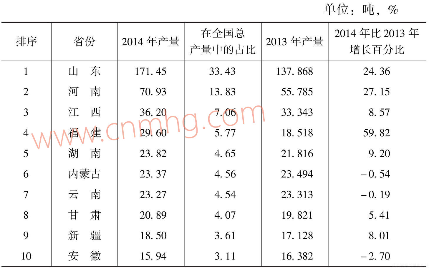 表2 2014年我國(guó)黃金產(chǎn)量前十名省份
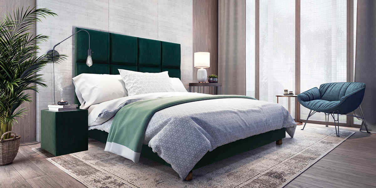 Das formschöne Kopfhaupt mit moderner, quadratischer Steppung macht das Bett zu einem wahren Blickfang. Die zusammenlaufende Form eines jeden Elementes und die Tiefheftung verleihen dem imposanten Kopfhaupt eine einzigartige Tiefenwirkung mit 3D-Effekt. In Kombination mit einfärbigen Stoffen entsteht so Spielraum für verschiedenste Gestaltungsmöglichkeiten.
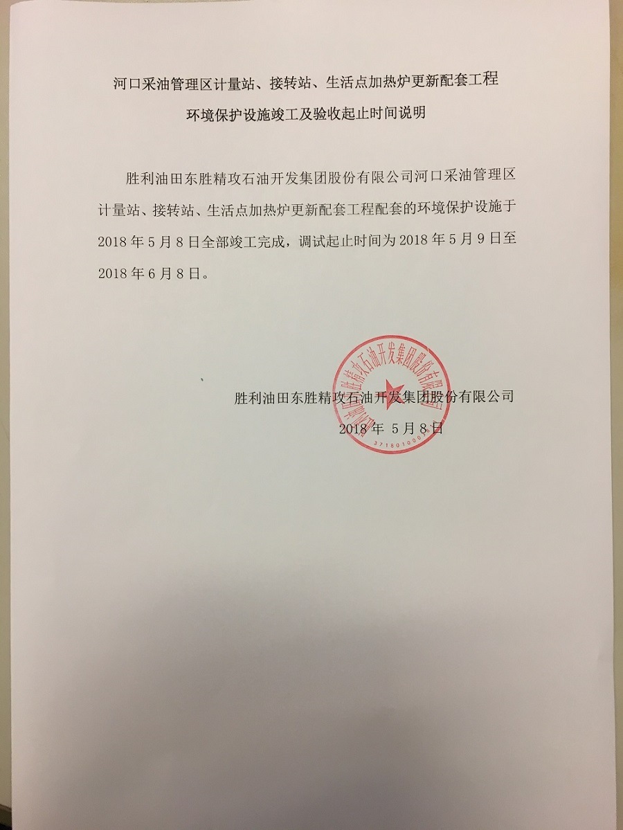 河口采油管理區計量站、接轉站、生活點加熱爐更新配套工程環境保護設施竣工及驗收起止時間說明

- **What is expected**: I would like you to set down the lines above, from the one containing "Das formschöne Kopfhaupt" to the final line, exactly as written and without pictures.

- **Response for this exercise**:
 Das formschöne Kopfhaupt mit moderner, quadratischer Steppung macht das Bett zu einem wahren Blickfang. Die zusammenlaufende Form eines jeden Elementes und die Tiefheftung verleihen dem imposanten Kopfhaupt eine einzigartige Tiefenwirkung mit 3D-Effekt. In Kombination mit einfärbigen Stoffen entsteht so Spielraum für verschiedenste Gestaltungsmöglichkeiten.
 河口采油管理區計量站、接轉站、生活點加熱爐更新配套工程環境保護設施竣工及驗收起止時間說明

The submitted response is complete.